マンチェスターユナイテッド

バスビー・ベイブスや1999年に3冠を達成したサー・アレックス・ファーガソンの本拠地である、イングランドで最も有名なクラブのスタジアム、オールド・トラフォード。

このスタジアムを取り壊しゼロから完全に作り直すことは、ユナイテッドに関わる全ての人にとってなかなか受け入れ難い問題になるだろうと『Daily Mail』は説明する。

ファンの意見と3つの案

このように、歴史ある「赤い悪魔」のスタジアムの取り壊しは、3つの提案のうちの1つとなっている。2つ目の提案は、線路に隣接している南側のスタンドの取り壊し。3つ目は、スタジアムの構造はそのままに、4面の観客席周りを全面的に再開発すること。
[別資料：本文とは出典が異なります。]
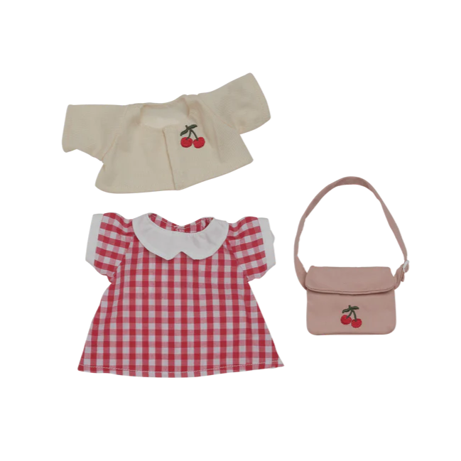 Une journée remplie de magie de pique-nique, de couronnes de marguerites volantes et de doigts de confiture collants : l'ensemble « Cherry Gingham » est fait pour les plus doux souvenirs d'enfance. Il comprend une robe à carreaux confectionnée avec amour, un cardigan brodé et un petit sac bandoulière – parfait pour accompagner les poupées Dinkum dans leurs aventures au jardin.
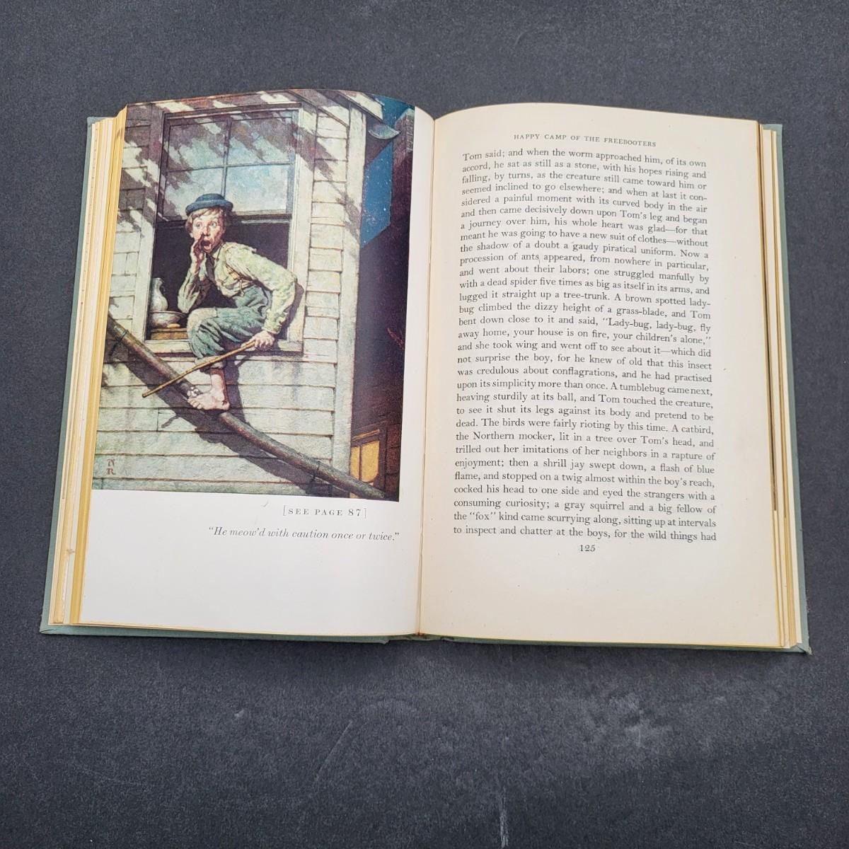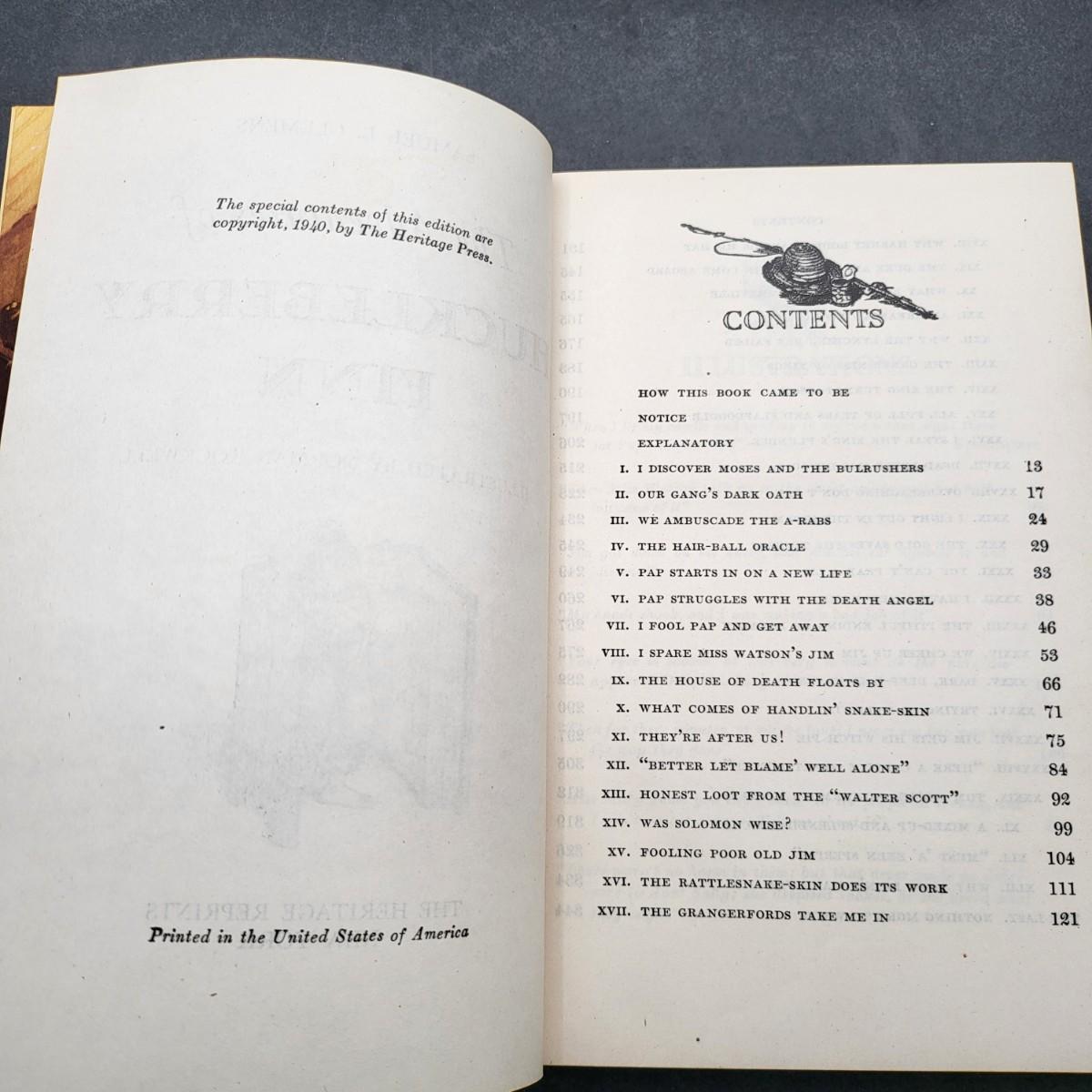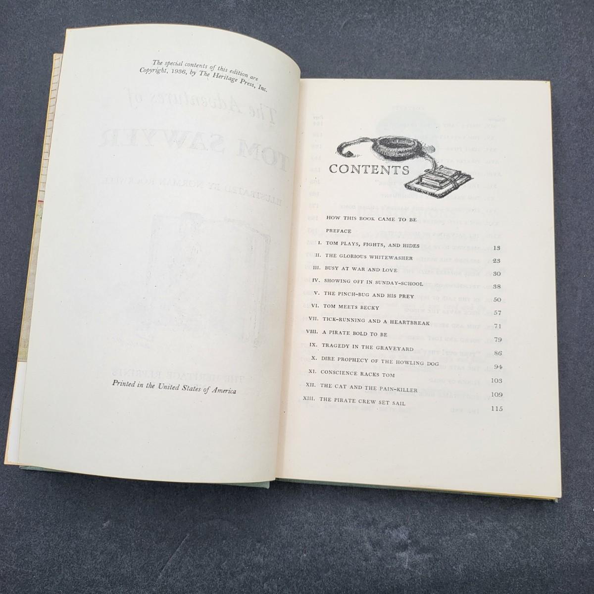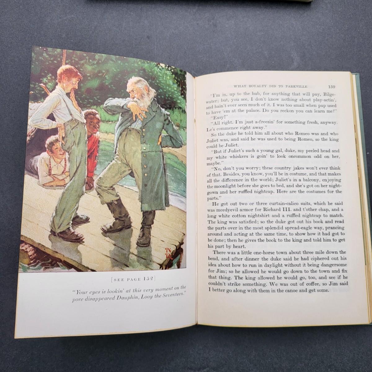 Heritage Press, Tom Sawyer 1939, Huckleberry Finn 1940, Samuel L. Clemens, hardback books. Illustrated by Norman Rockwell. Some inscription pen mark writing and owner sticker inside. Covers and binding are in pretty decent shape, except for the cardboard sleeve they are stored in has flaws.

現在、クラブのオーナーであるグレイザー家が推進するアイデアは、南スタンドの改修であり、歴史あるスタジアムの取り壊しを望まないユナイテッドファンにとっても、妥協点となっている。

現在の建設技術では、長年困難とされてきた鉄道の上での工事が可能となり、そうなればスタジアムの収容人数を現在の74,000人から80,000人以上に増やすことができるようになる。

しかし、112年の歴史を持つスタジアムを取り壊すという選択肢も、クラブは評価しており、既に工事請負契約の入札で競合する建築家やエンジニアが検討している。

ユナイテッドにとっての最大の障害は、新しい施設の建設や一部の地域の改修をする際、代わりのスタジアムをどうするかという問題だ。例えば、アーセナルやトッテナムが新スタジアム計画の真っただ中、ホームゲームはウェンブリーで行われていた。

オールド・トラフォードは、世界のスポーツ界で最も有名なスタジアムの一つであり、ワールドカップや欧州選手権の試合、チャンピオンズリーグの決勝戦が開催されたこともある。しかし、何年にもわたって近代化を試みてきたにもかかわらず、今ではイングランドのトップクラブに求められる水準には達していないように見える。

ユナイテッドは、この件に関してファンの意見を尊重したいと考えており、最高執行責任者のコレット・ロッシュ氏は12月にファンフォーラムで出されたいくつかの案を検討していた。